--- Task ---
With the pictures omitted, repeat exactly the lines below starting with the line that has "Starting the race" and going on through the line that has "最简单的办法就是直接在 Demo 网站上使用,因为这个工具仅通过前端原生".

Top of Records for this task

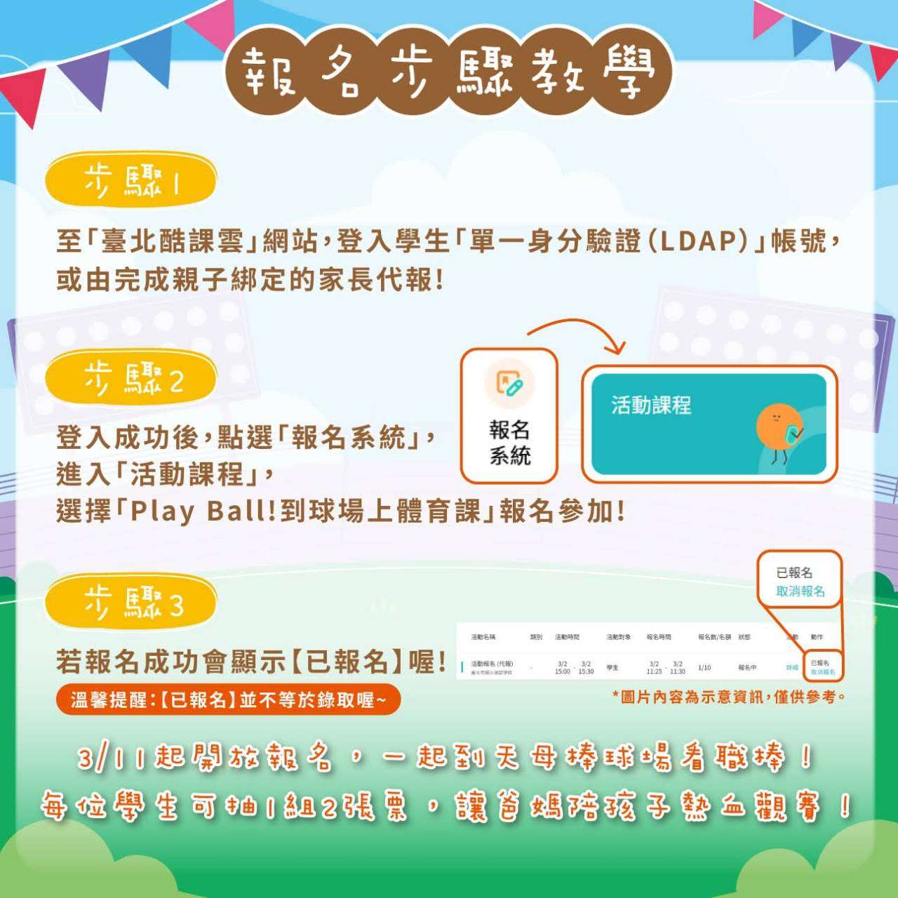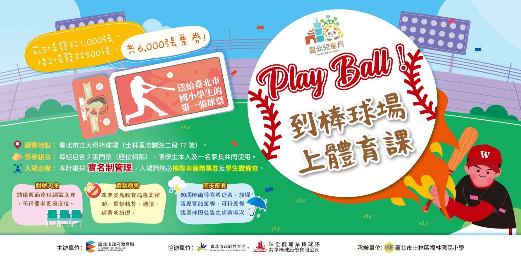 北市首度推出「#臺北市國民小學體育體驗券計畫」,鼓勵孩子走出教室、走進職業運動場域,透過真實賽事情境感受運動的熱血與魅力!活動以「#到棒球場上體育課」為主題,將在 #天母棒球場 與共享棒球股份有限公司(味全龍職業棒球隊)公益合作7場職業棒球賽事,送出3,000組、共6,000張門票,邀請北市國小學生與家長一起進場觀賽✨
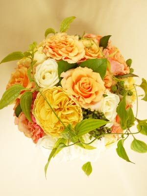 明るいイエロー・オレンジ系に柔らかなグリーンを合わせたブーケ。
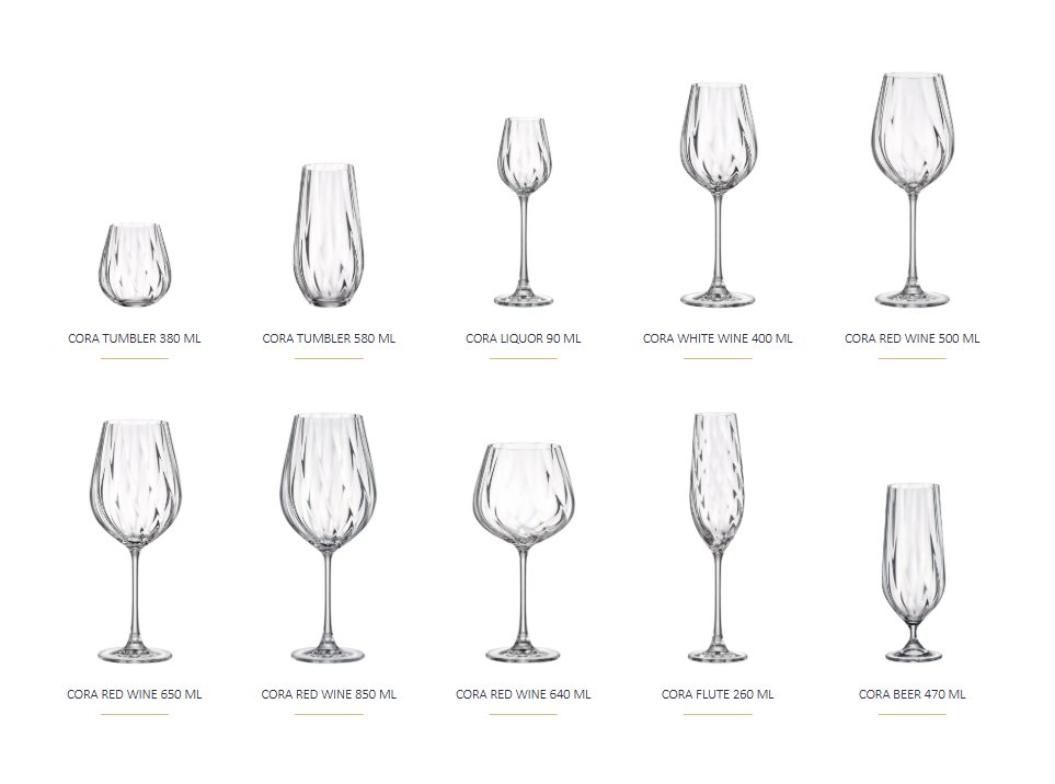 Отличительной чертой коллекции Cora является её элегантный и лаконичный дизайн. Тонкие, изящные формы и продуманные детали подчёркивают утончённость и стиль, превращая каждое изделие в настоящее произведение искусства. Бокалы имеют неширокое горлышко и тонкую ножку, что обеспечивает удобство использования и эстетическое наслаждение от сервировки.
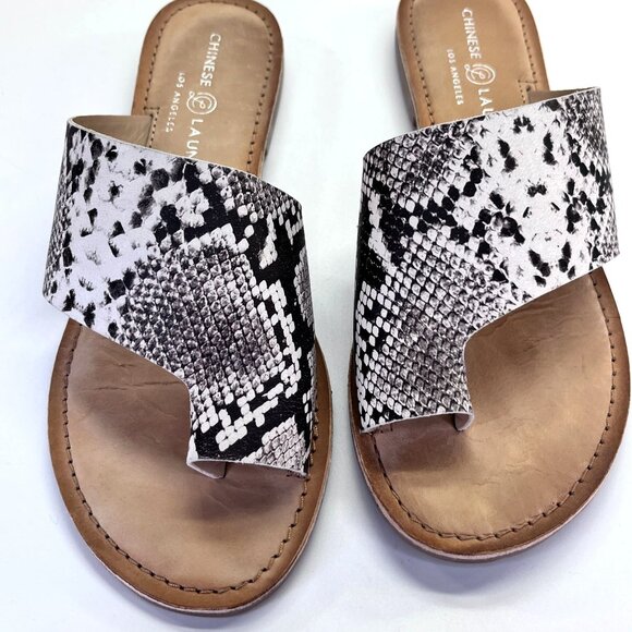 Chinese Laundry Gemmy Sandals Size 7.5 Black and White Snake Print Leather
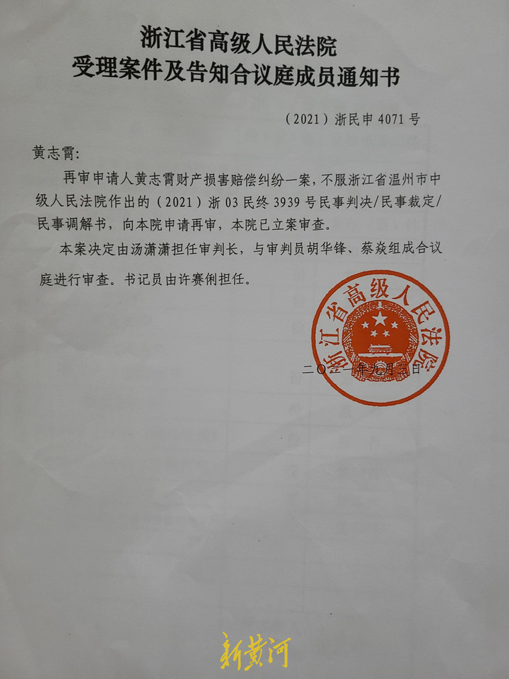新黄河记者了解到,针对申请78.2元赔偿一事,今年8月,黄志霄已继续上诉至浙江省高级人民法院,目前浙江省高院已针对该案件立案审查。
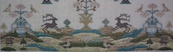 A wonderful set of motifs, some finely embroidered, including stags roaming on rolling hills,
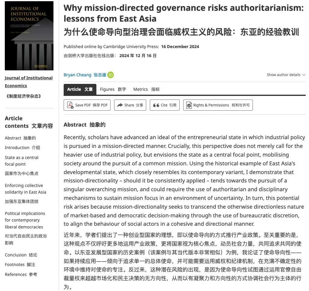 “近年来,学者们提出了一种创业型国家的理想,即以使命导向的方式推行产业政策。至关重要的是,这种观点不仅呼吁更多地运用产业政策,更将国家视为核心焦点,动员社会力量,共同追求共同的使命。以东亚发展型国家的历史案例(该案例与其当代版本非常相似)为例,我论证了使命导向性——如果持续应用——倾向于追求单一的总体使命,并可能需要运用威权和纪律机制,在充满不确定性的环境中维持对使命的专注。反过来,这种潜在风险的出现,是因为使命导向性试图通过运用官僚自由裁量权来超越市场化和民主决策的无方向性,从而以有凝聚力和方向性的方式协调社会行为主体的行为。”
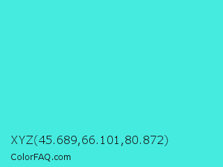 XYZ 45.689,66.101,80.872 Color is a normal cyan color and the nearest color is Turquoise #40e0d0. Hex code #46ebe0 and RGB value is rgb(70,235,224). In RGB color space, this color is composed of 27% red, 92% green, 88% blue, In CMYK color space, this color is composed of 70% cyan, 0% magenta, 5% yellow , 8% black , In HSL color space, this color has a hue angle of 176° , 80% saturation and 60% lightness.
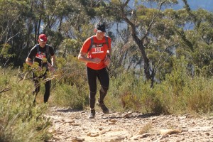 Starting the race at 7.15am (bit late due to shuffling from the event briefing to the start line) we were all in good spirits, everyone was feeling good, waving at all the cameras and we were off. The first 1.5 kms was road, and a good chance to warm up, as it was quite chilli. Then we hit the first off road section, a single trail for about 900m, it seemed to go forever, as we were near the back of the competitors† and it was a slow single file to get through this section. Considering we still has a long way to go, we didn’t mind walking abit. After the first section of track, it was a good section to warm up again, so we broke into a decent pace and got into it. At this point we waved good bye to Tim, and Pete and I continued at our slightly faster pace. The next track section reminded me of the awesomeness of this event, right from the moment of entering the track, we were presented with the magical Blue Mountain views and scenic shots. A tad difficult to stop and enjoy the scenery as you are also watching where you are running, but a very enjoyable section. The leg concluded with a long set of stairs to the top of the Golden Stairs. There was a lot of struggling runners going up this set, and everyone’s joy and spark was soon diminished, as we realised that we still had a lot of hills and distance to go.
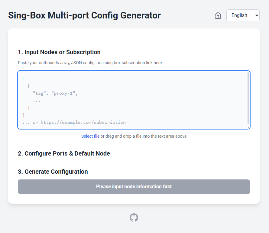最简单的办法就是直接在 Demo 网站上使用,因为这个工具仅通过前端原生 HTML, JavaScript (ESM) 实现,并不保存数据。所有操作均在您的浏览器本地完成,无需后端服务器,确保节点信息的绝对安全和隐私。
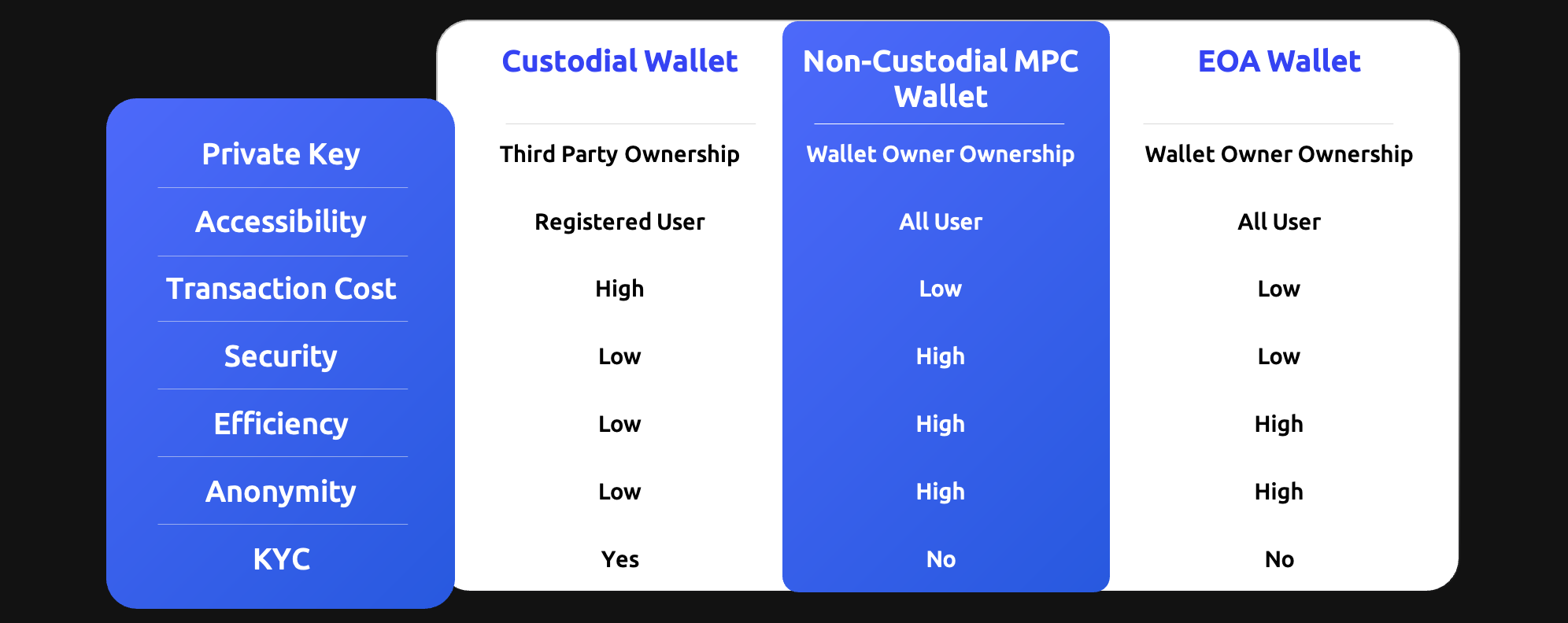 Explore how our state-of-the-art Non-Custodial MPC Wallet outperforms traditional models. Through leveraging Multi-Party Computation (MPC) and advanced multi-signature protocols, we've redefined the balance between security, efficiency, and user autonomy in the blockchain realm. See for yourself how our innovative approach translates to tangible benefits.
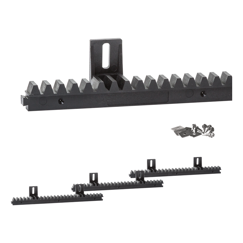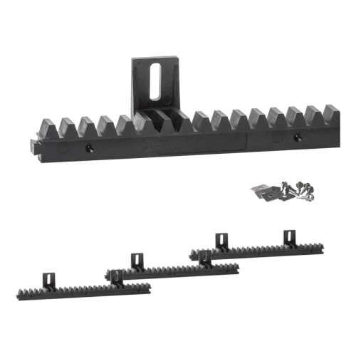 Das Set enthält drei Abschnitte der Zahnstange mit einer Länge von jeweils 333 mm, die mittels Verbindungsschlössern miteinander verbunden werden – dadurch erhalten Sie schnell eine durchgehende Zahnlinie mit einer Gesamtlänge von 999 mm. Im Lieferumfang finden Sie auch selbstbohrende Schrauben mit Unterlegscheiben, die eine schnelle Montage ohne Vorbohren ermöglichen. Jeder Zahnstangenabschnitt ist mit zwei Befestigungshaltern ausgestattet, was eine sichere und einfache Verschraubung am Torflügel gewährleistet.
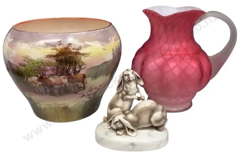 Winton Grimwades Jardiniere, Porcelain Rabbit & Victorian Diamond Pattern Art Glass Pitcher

Bottom of Records for this task

--- Solution below ---
 Starting the race at 7.15am (bit late due to shuffling from the event briefing to the start line) we were all in good spirits, everyone was feeling good, waving at all the cameras and we were off. The first 1.5 kms was road, and a good chance to warm up, as it was quite chilli. Then we hit the first off road section, a single trail for about 900m, it seemed to go forever, as we were near the back of the competitors† and it was a slow single file to get through this section. Considering we still has a long way to go, we didn’t mind walking abit. After the first section of track, it was a good section to warm up again, so we broke into a decent pace and got into it. At this point we waved good bye to Tim, and Pete and I continued at our slightly faster pace. The next track section reminded me of the awesomeness of this event, right from the moment of entering the track, we were presented with the magical Blue Mountain views and scenic shots. A tad difficult to stop and enjoy the scenery as you are also watching where you are running, but a very enjoyable section. The leg concluded with a long set of stairs to the top of the Golden Stairs. There was a lot of struggling runners going up this set, and everyone’s joy and spark was soon diminished, as we realised that we still had a lot of hills and distance to go.
最简单的办法就是直接在 Demo 网站上使用,因为这个工具仅通过前端原生 HTML, JavaScript (ESM) 实现,并不保存数据。所有操作均在您的浏览器本地完成,无需后端服务器,确保节点信息的绝对安全和隐私。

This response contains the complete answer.